Pada tahun 1951 Jenderal Soedirman wafat, dan Letnan Kolonel Muslich mengajukan permohonan berhenti dari dinas ketentaraan.
Pada suatu kesempatan, dia pernah menyatakan bahwa ia berkawan sangat baik dengan Panglima Besar Jenderal Soedirman.
Karena itu ia termasuk salah seorang penggagas dibangunnya monumen Jenderal Sudirman di Banyumas beberapa tahun silam.
KH Muslich memilih untuk tinggal di rumah kecil sederhana di dalam komplek Yayasan Diponegoro, Rawamangun, Jakarta Timur, hingga akhir hayatnya.
Kedermawaan yang amat berguna adalah tiga tempat pendidikan yang dibangunnya Perguruan Diponegoro di Purwokerto dan Jakarta.
Sebagai penghargaan atas jasa-jasanya, Pemerintah Indonesia pada masa Presiden KH Abdurrahman Wahid menganugerahkan Bintang Mahaputera Utama kepada KH Muslich.
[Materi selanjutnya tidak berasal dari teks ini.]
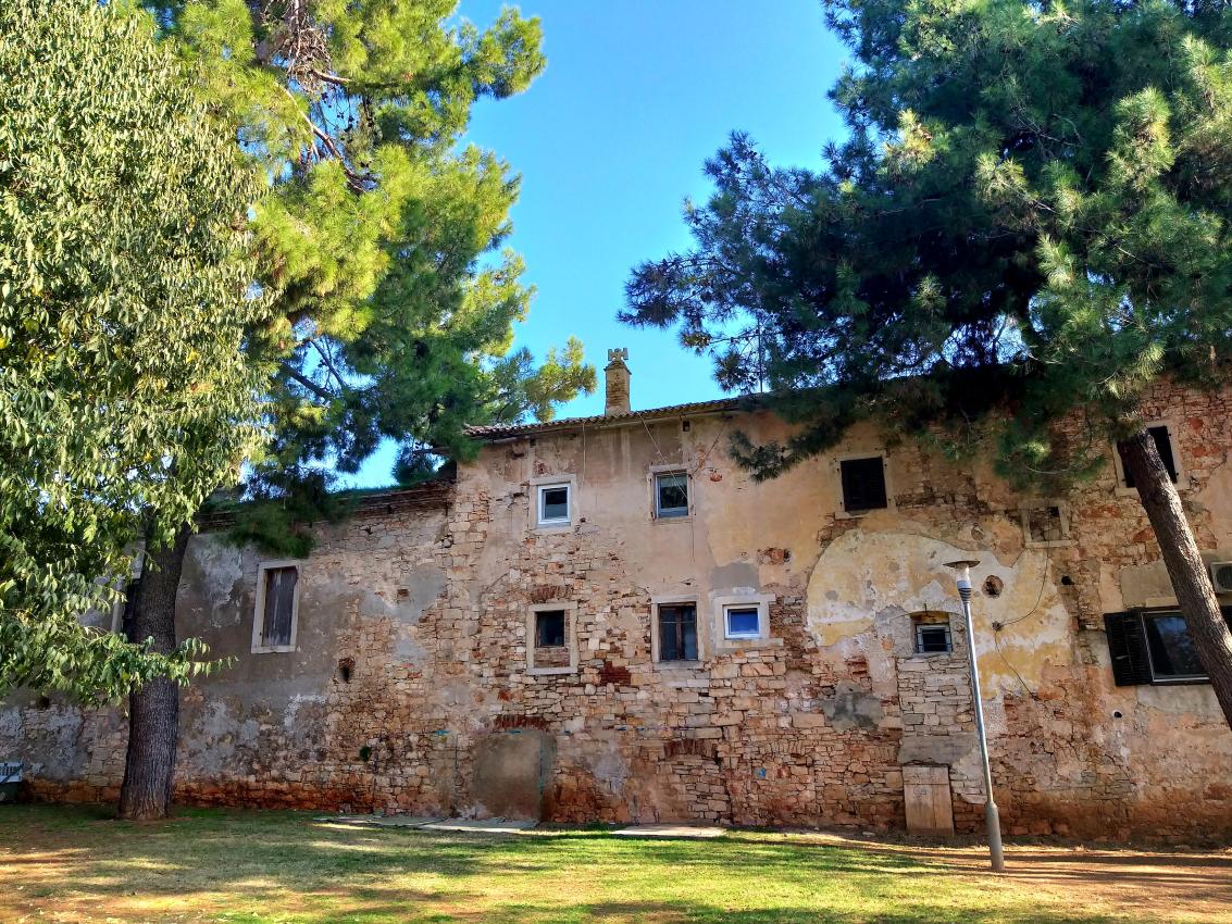Spoznavanje mesta (šele od leta 2003) smo začeli skozi park. Spremljal nas je otroški živžav na igralih in mogočno, neugledno poslopje. Zvedeli smo, da je to del nekdanjega kapucinskega samostana, katerega izgradnjo so meščani financirali sami. Po prihodu v Istro so samostan ukinili Francozi. Spremenjen je bil v vojaško bolnišnico, karanteno za obolele od malarije. V novejšem času so bili v njem vrtec, kinodvorana, nazadnje pa stanovanja. Samostanski zid so zrušili in spremenili v mestni park. Mimogrede smo prišli na osrednji mestni trg, kjer smo spili opoldansko kavo.
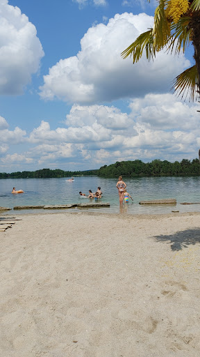 Read moreWenn man nur den Badesee an sich bewertet, dann voll 5 Sterne! Der klarste See, den ich bisher gesehen habe. Der Boden besteht aus weichem Sand under der Einstieg ist sehr einfach und flach. Man kann bis auf den Boden sehen und das Wasser hat eine schöne Farbe. Ein extra Sandstand mit Palmen bietet einen gewissen Flair. ABER: Einen Stern muss ich u.a. für fehlende Umkleidemöglichkeit abziehen. Man kann zwar für 70 Cent den Toilettenbereich (mit Umkleideka binen) nutzen, aber schöner wären verteilte Kabinen am Strand. Gut, dafür muss man keinen Eintritt zahlen. Was ich aber auch als sehr unschön und unhygienisch empfunden habe: der See ist groß - warum müssen Hundebesitzer ihre Hunde dann genau an oder direkt neben dem kleinen Sandstand ins Wasser lassen? Und warum lässt man sein Tier dann auch noch direkt auf der Sonnenwiese sein Geschäft...

Dengan mendapatkan bintang itu, KH Muslich sesungguhnya dapat dimakamkan di Taman Makam Pahlawan Kalibata.
Namun hal itu tidak dilakukan. Jasad almarhum tetap dimakamkan di pemakaman umum Purwokerto, atas permintaan atau wasiat almarhum.
Ada hal yang menarik, saat Desember 1950, Perdana Menteri M Natsir menugaskan KH Muslich untuk menyampaikan Amanat Pemerintah RI kepada Kartosuwirjo untuk melunakkan hati Kartosuwirjo yang merasa ditinggalkan oleh Republik lantaran Perjanjian Renville telah mengosongkan Jawa Barat dari Tentara Nasional Indonesia.
KH Muslich dan Kartosuwirjo adalah dua sahabat lama, sesama aktivis Partai Syarikat Islam Indonesia (PSII).
Kartosuwirjo kemudian pada tanggal 12 September 1962, ditangkap, dan diadili, Â dieksekusi mati.